Leetcode #641: Design Circular Deque
In this guide, we solve Leetcode #641 Design Circular Deque in Python and focus on the core idea that makes the solution efficient.
You will see the intuition, the step-by-step method, and a clean Python implementation you can use in interviews.

Problem Statement
Design your implementation of the circular double-ended queue (deque). Implement the MyCircularDeque class: MyCircularDeque(int k) Initializes the deque with a maximum size of k.
Quick Facts
- Difficulty: Medium
- Premium: No
- Tags: Design, Queue, Array, Linked List
Intuition
We need level-order exploration or shortest-step expansion, which maps directly to a queue.

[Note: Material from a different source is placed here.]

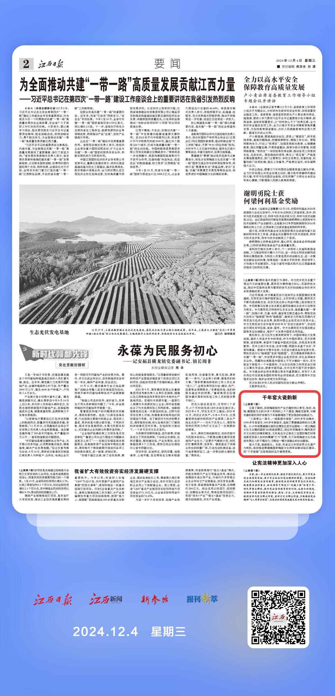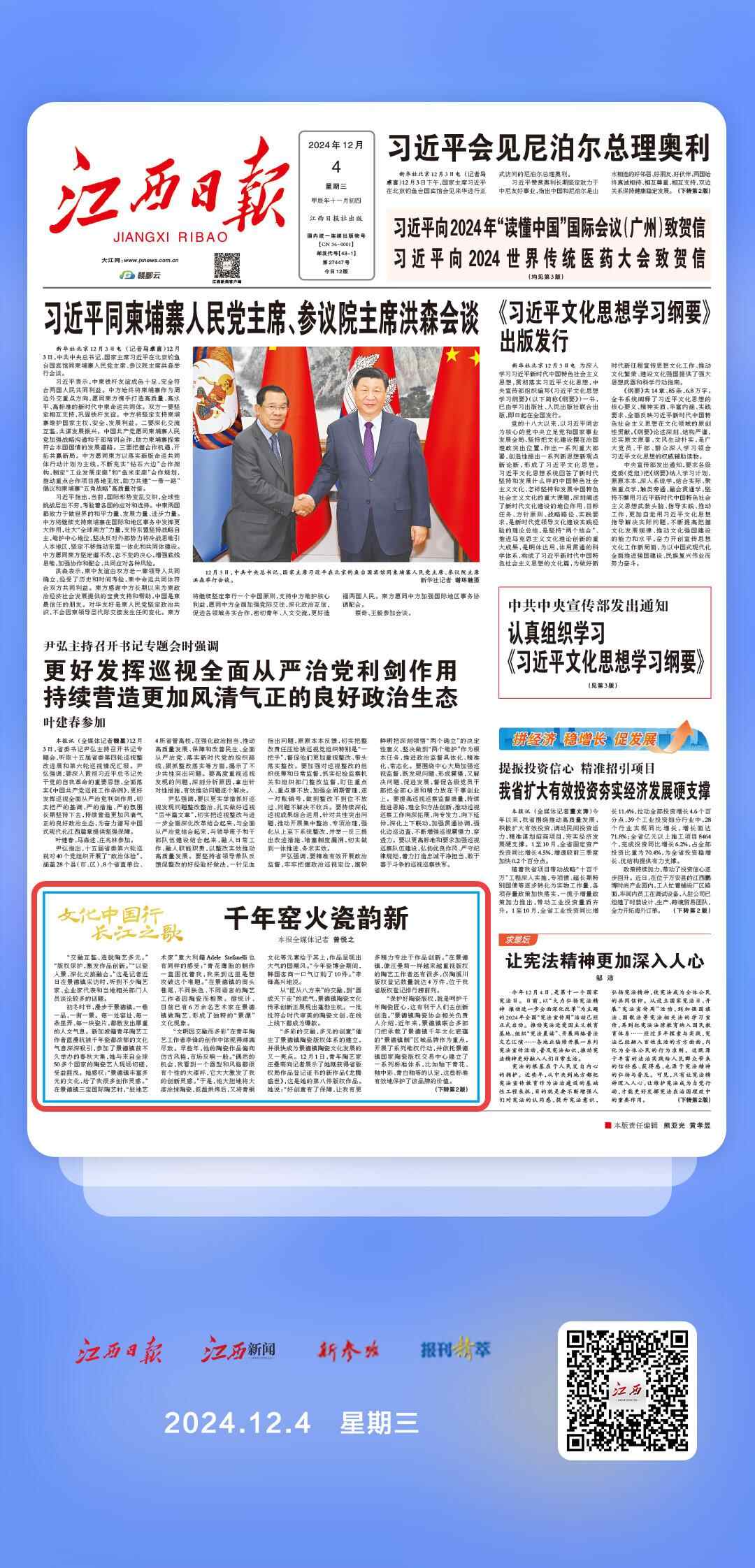 窑火不息,瓷韵悠长。当前,我省正以申报世界文化遗产为契机,纵深推进景德镇国家陶瓷文化传承创新试验区建设,把“千年瓷都”这张亮丽的名片擦得更亮。

BFS guarantees the first time you reach a node is the shortest in unweighted graphs.
Approach
Initialize the queue with starting nodes and expand outward layer by layer.
Track visited nodes to avoid cycles and redundant work.
Steps:
- Initialize a queue with start nodes.
- Pop, process, and enqueue neighbors.
- Track visited nodes.
Example
Input
["MyCircularDeque", "insertLast", "insertLast", "insertFront", "insertFront", "getRear", "isFull", "deleteLast", "insertFront", "getFront"]
[[3], [1], [2], [3], [4], [], [], [], [4], []]
Output
[null, true, true, true, false, 2, true, true, true, 4]
Explanation
MyCircularDeque myCircularDeque = new MyCircularDeque(3);
myCircularDeque.insertLast(1); // return True
myCircularDeque.insertLast(2); // return True
myCircularDeque.insertFront(3); // return True
myCircularDeque.insertFront(4); // return False, the queue is full.
myCircularDeque.getRear(); // return 2
myCircularDeque.isFull(); // return True
myCircularDeque.deleteLast(); // return True
myCircularDeque.insertFront(4); // return True
myCircularDeque.getFront(); // return 4
Python Solution
class MyCircularDeque:
def __init__(self, k: int):
self.k = k + 1
self.data = [0] * self.k
self.front = 0
self.rear = 0
def insertFront(self, value: int) -> bool:
if self.isFull():
return False
self.front = (self.front - 1) % self.k
self.data[self.front] = value
return True
def insertLast(self, value: int) -> bool:
if self.isFull():
return False
self.data[self.rear] = value
self.rear = (self.rear + 1) % self.k
return True
def deleteFront(self) -> bool:
if self.isEmpty():
return False
self.front = (self.front + 1) % self.k
return True
def deleteLast(self) -> bool:
if self.isEmpty():
return False
self.rear = (self.rear - 1) % self.k
return True
def getFront(self) -> int:
return -1 if self.isEmpty() else self.data[self.front]
def getRear(self) -> int:
return -1 if self.isEmpty() else self.data[(self.rear - 1) % self.k]
def isEmpty(self) -> bool:
return self.front == self.rear
def isFull(self) -> bool:
return (self.rear + 1) % self.k == self.front
Complexity
The time complexity is O(V+E). The space complexity is O(V).
Edge Cases and Pitfalls
Watch for boundary values, empty inputs, and duplicate values where applicable. If the problem involves ordering or constraints, confirm the invariant is preserved at every step.
Summary
This Python solution focuses on the essential structure of the problem and keeps the implementation interview-friendly while meeting the constraints.